High level description languages offer significant productivity advantages for designers because systems can be defined purely by their behavior, with no implementation details provided. The shift to higher levels of abstraction is crucial for complexity management in tomorrow's billion transistor designs. Furthermore the uses of these languages allow a more thorough exploration of the design space, a benefit for both large and small designs. The language in which a design is described makes certain implications about the model of time (and therefore behavior/computation) in the system. For many years there has been a continuing struggle between the ideal characteristics of a design language and the incorporation of a mathematical model of behavior into these languages. As a result most approaches to creating a design language today consist of creating a subset of some common language (C or VHDL) or creating an entirely new language fundamentally rooted in the model of computation. Both of these approaches are non-ideal for the end user of the system who wishes to program in any easy to use, widely known design language. Daniel Gajski presents a taxonomy of these languages and the support for the "embedded-system model characteristics." From the fact that many of the languages are completely non-standard and that designers might need to understand as many as nine languages, it is clear that today's solution is non-ideal. Furthermore if a new model characteristic is required, the traditional paradigm requires the designers to drastically alter his design environment (e.g., switch to a yet another language.) For this reason, the WELD team at UC Berkeley has proposed a new paradigm for system description (http://www-cad.eecs.berkeley.edu/~newton) Figure 1, A user describes the system in Java with no constraints. The user then selects a model with which the code should be compared. The selected model depends largely on the type of design and implementation requirements of the design. Once the model is chosen, The Java code is then refined through a series of successive steps to yield code that is guaranteed compliant with the selected model. This paradigm allows the user to work and design in the widely supported Java language and still create code that is explicitly compliant with a given model, eliminating many of the traditional problems.
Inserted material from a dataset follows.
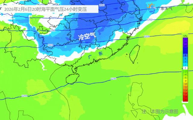 广东省气象台预计,2月5日广东大部多云,气温总体继续回升,早晚有轻雾或雾。北方中等强度冷空气2月6日傍晚前后开始影响粤北,2月6日夜间到7日早晨影响中南部,并伴有小雨,过程平均气温下降幅度:中北部下降6~9℃,南部下降3~5℃。

Figure 1: Refined Java for System Design

This paper analyzes the various models M required for design and proposes a general purpose communicating Mealy machine model with variants (Mi, Mr, Ma). The Mealy machine model is compared against other defined models such as Co-design Finite State Machines - CFSM (UC Berkeley CAD group, Polis project) and finite state machine with datapath - FSMDs (Dan Gajski, UC Irvine). Furthermore, Java is proposed as a basis for a specification language to describe the communicating Mealy machines (as in Figure 1). This work looks at Figure 1 from the bottom up with the end goal of understanding the model required and its implications. An example Mealy machine is defined in Java and implemented in an example of the conditional clocking used to assure low-power on the StrongArm processor, developed by Dan Dobberpuhl at DEC.

INTRODUCTION:

This paper asserts that a good model for describing system behavior is communicating Mealy machines. In Mealy machines, output is based on the input and the present state. We discuss three model variants, a time independent model Mi, a time-relative model Mr, and a time-absolute Ma. The end goal is that a user creates Java code that can be compared against the model to determine the minimum number of constraints necessary to guarantee its compliance with the selected model. After the general purpose Mealy-machine model is presented, several variants are discussed. In the time independent model, there is no notion of time, there can be no assertion of the length of time required for input and output signals. For example, if inside the Mealy machine is a counter, an input event sets off the counter, then another input event comes in, there can be no knowledge as to how many counts it has accomplished. In this model there is no order dependence. This non-deterministic behavior can be eliminated with a handshaking protocol. The time-independent model is a good design choice when there are critical data transfers or when the targeted implementation platform is unpredictable (e.g., deep-submicron interconnects). The second model variant requires a relative notion of time, which means that there is some idea of at what point one event occurs with respect to another. This type of model can be used when the overhead of handshaking is too expensive or not necessary. The partial ordering of events might be described by an approximate number, a min-max range, or a distribution. The third model is the absolute time model, which is mapped directly onto a timeline. This third model can be seen as the time-relative model with the a defined origin and value described in seconds for the event orderings

Other models such as the Polis group's CFSM and Dan Gajski's FSMD are compared against the communicating Mealy machine model to illustrate the differences.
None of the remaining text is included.